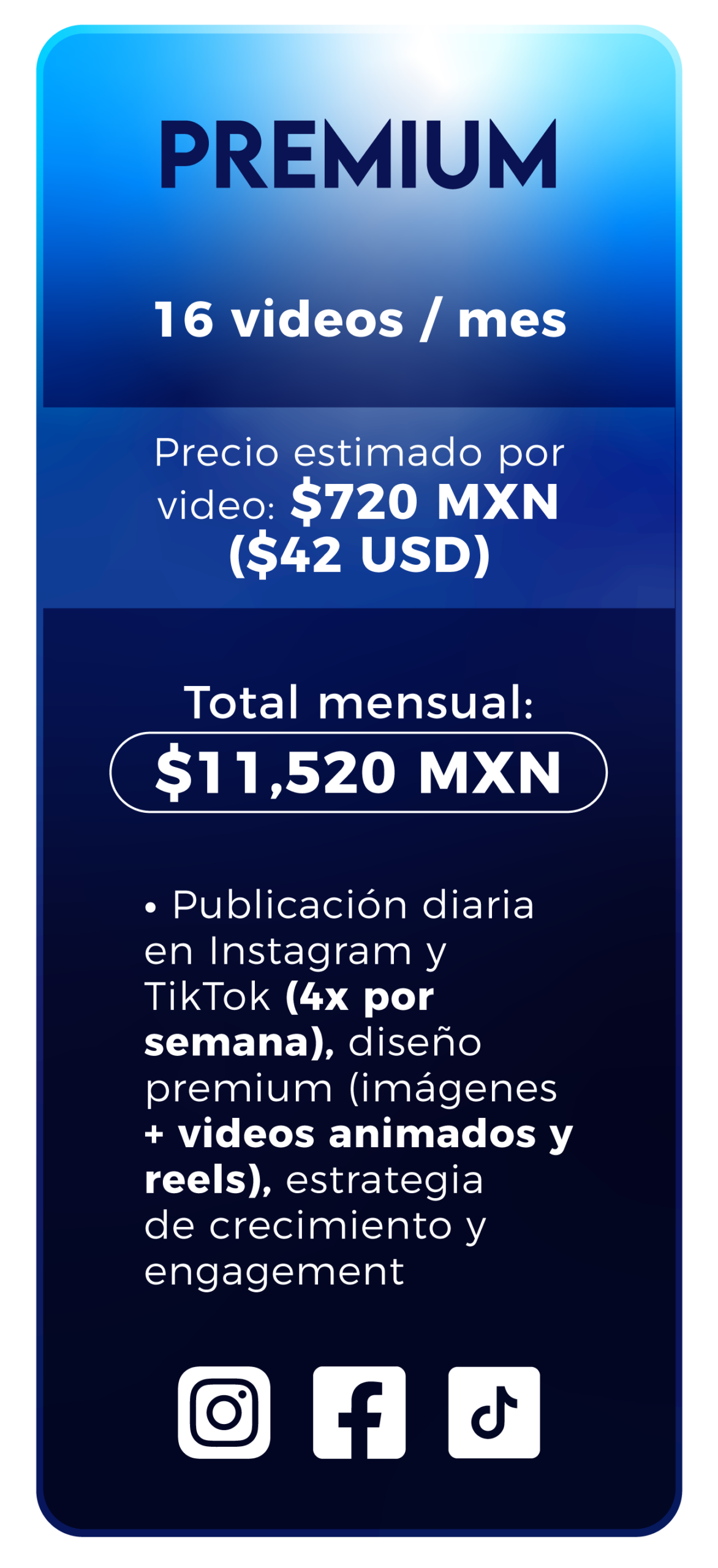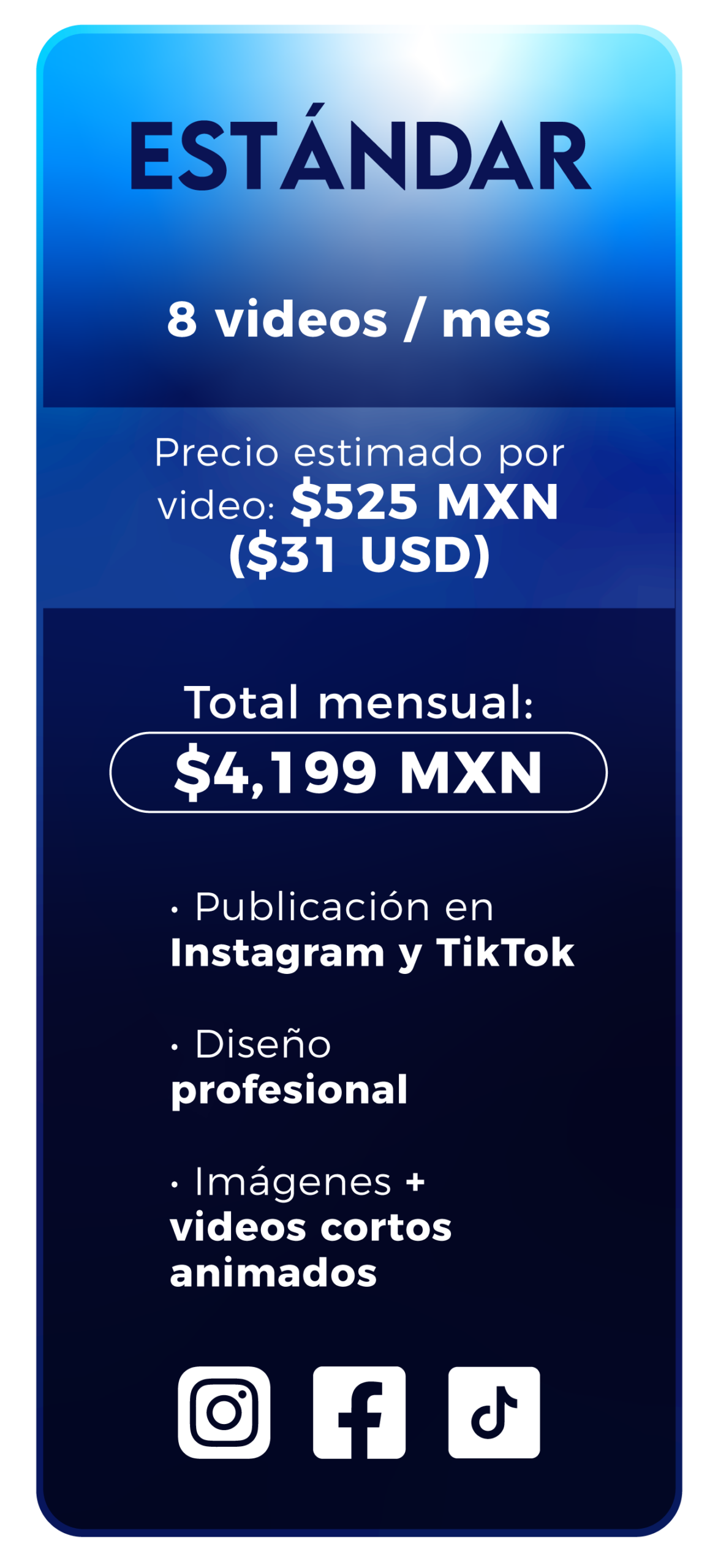 2–3 videos promocionales y hasta 8 videos cortos para redes sociales por mes.
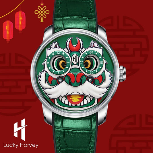 La montre Lucky Harvey Lion, un hymne à la danse du lion. Chaque tic-tac est un pas de danse, chaque couleur un éclat de joie. Inspirée des mouvements gracieux et énergiques du lion, cette montre capture l'essence même des célébrations chinoises. Les nuances vibrantes et les lignes fluides évoquent la vitalité et la bonne fortune.
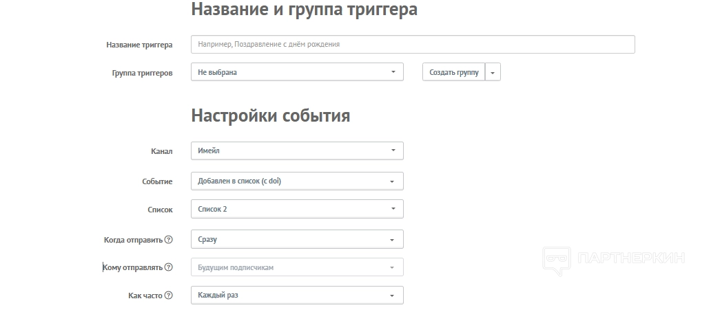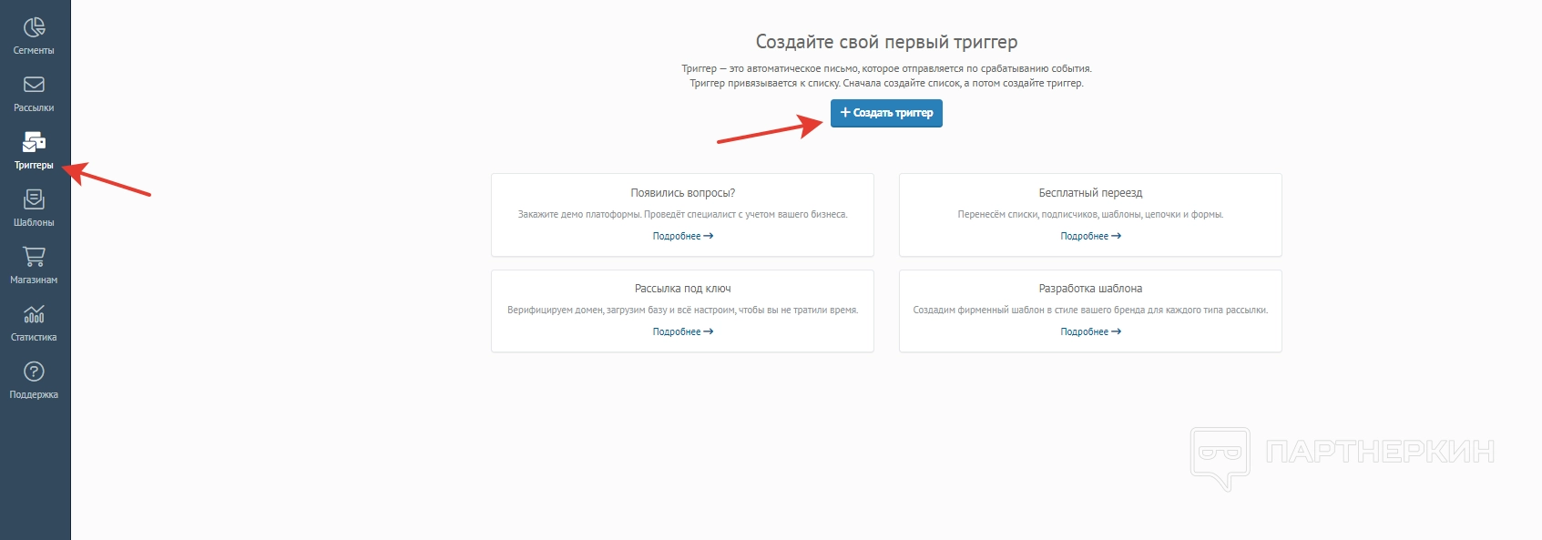 В этом разделе пользователь может создавать автоматические письма, которые будут отправляться по срабатыванию заранее установленного события. Для начала пользователь нужно перейти в соответствующий блок и кликнуть на кнопку «Создать триггер» в центре экрана.

The task = Leave out the pictures. Transcribe only the lines above, from the first through the one that contains "La montre Lucky".

Solution to the problem =
 2–3 videos promocionales y hasta 8 videos cortos para redes sociales por mes.
 La montre Lucky Harvey Lion, un hymne à la danse du lion. Chaque tic-tac est un pas de danse, chaque couleur un éclat de joie. Inspirée des mouvements gracieux et énergiques du lion, cette montre capture l'essence même des célébrations chinoises. Les nuances vibrantes et les lignes fluides évoquent la vitalité et la bonne fortune.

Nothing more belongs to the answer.